- _Provided records_:
__________
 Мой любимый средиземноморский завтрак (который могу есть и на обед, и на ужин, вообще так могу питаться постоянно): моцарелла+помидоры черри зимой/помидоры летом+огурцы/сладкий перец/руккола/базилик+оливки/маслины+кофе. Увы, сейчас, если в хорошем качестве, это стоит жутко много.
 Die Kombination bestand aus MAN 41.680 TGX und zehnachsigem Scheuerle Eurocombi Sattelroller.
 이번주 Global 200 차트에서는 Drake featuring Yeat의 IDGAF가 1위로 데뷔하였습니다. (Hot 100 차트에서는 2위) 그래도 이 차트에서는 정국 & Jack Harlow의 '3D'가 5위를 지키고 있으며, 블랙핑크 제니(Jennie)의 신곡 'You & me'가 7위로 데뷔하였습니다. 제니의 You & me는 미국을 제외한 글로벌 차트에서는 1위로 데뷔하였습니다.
__________
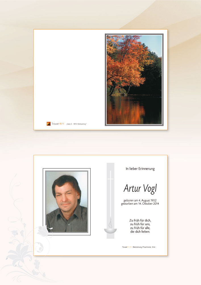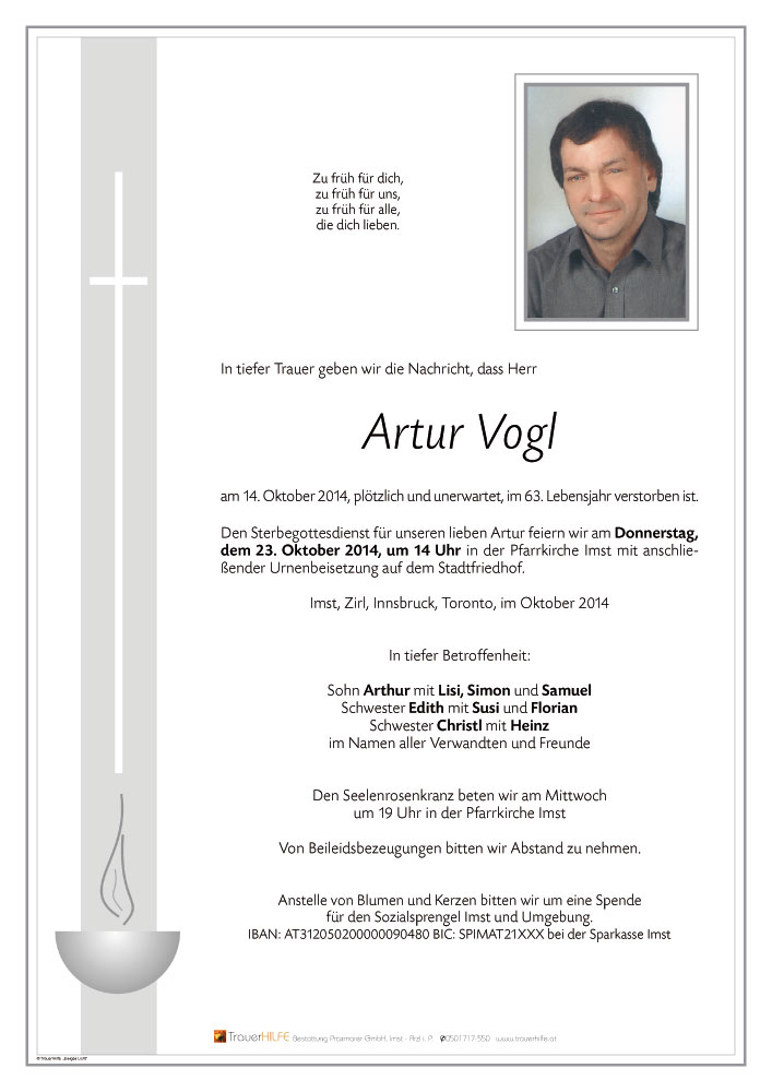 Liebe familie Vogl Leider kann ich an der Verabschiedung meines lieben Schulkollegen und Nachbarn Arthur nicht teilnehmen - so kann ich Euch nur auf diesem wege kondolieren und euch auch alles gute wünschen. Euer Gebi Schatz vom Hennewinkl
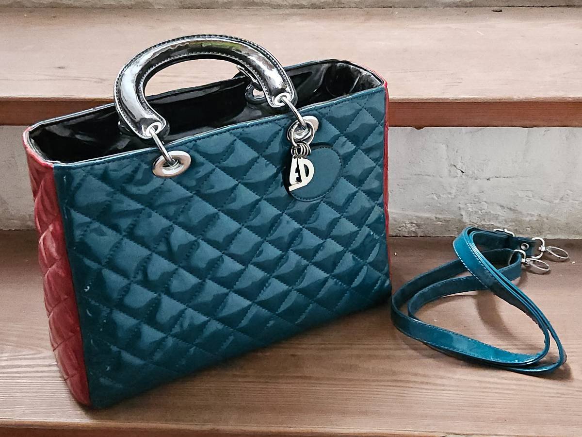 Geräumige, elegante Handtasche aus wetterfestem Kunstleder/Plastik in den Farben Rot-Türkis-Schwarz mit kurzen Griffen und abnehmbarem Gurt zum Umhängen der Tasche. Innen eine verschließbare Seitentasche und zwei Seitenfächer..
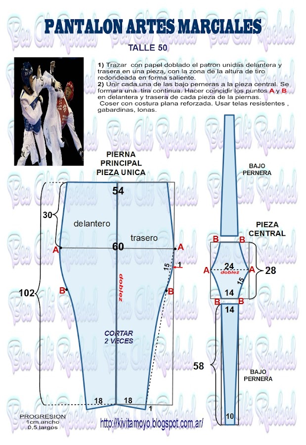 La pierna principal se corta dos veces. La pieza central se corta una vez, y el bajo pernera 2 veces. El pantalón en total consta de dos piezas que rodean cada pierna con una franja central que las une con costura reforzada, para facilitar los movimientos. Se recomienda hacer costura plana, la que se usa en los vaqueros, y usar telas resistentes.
__________
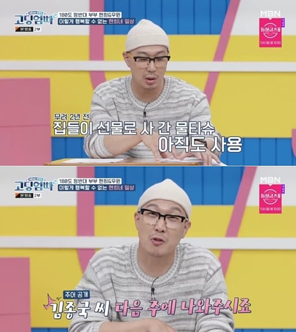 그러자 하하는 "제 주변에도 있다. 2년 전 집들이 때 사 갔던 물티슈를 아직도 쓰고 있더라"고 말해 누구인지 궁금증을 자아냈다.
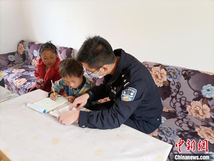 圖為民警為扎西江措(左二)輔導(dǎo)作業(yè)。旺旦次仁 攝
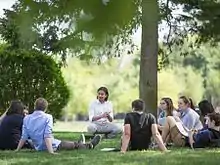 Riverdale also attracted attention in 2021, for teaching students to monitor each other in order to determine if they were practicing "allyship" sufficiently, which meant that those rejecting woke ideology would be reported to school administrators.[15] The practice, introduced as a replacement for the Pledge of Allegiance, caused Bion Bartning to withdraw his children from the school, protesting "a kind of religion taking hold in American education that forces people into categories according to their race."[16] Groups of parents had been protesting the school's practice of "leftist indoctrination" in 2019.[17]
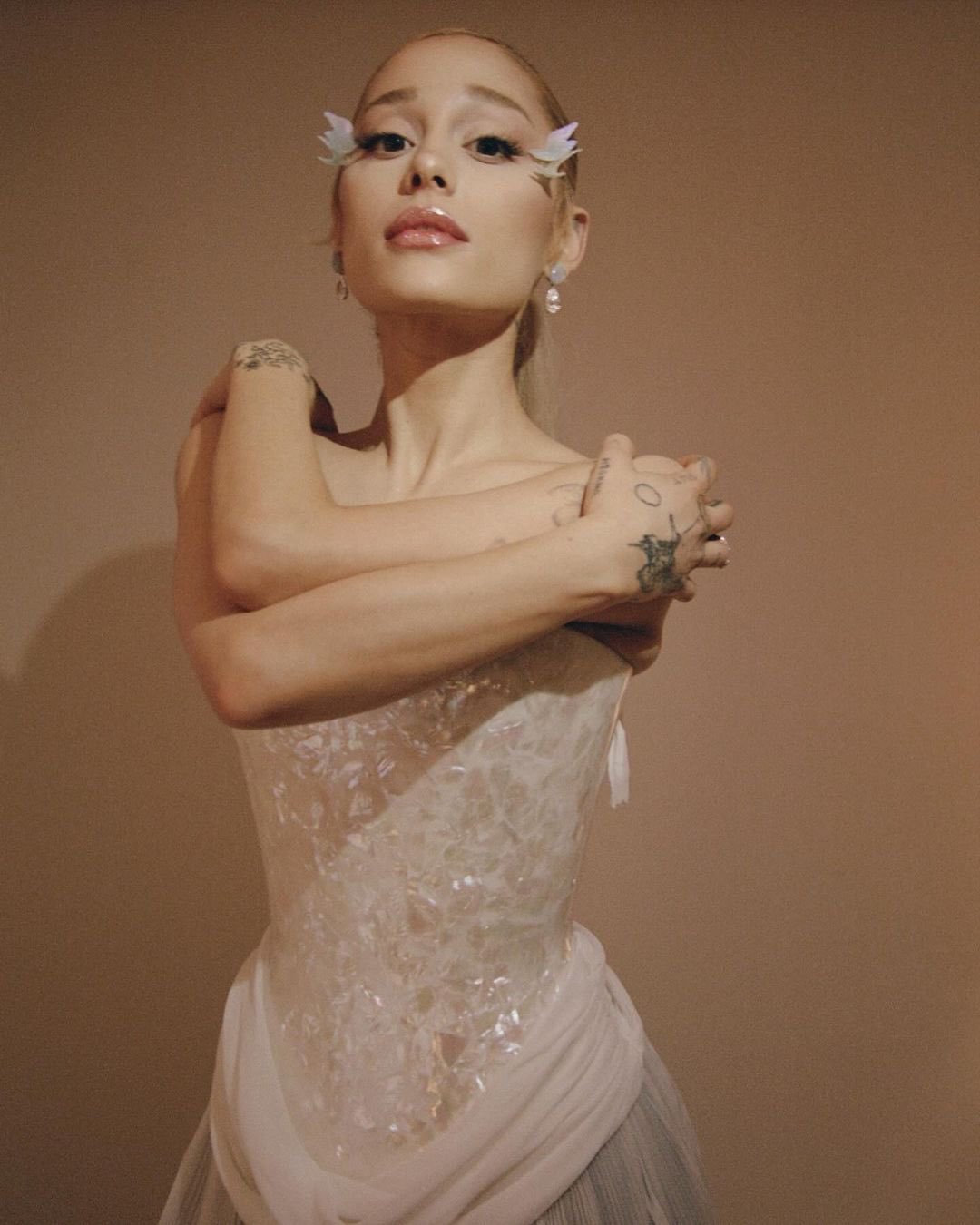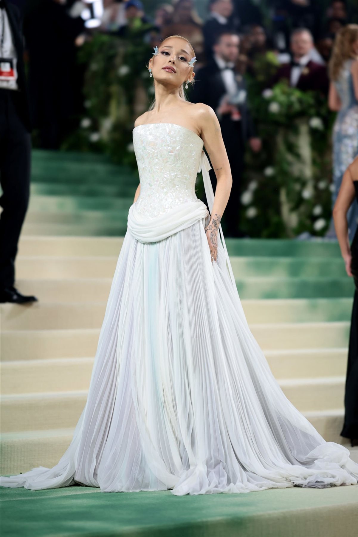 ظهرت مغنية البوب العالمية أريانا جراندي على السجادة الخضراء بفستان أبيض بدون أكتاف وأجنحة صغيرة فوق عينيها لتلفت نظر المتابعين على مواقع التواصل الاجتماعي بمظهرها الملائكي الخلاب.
__________
- _Your instructions_: In the listing above, find the line with "Мой любимый средиземноморский" and the line with "이번주 Global 200", then reproduce both and every line between them exactly.

- _Reply to the task_:
 Мой любимый средиземноморский завтрак (который могу есть и на обед, и на ужин, вообще так могу питаться постоянно): моцарелла+помидоры черри зимой/помидоры летом+огурцы/сладкий перец/руккола/базилик+оливки/маслины+кофе. Увы, сейчас, если в хорошем качестве, это стоит жутко много.
 Die Kombination bestand aus MAN 41.680 TGX und zehnachsigem Scheuerle Eurocombi Sattelroller.
 이번주 Global 200 차트에서는 Drake featuring Yeat의 IDGAF가 1위로 데뷔하였습니다. (Hot 100 차트에서는 2위) 그래도 이 차트에서는 정국 & Jack Harlow의 '3D'가 5위를 지키고 있으며, 블랙핑크 제니(Jennie)의 신곡 'You & me'가 7위로 데뷔하였습니다. 제니의 You & me는 미국을 제외한 글로벌 차트에서는 1위로 데뷔하였습니다.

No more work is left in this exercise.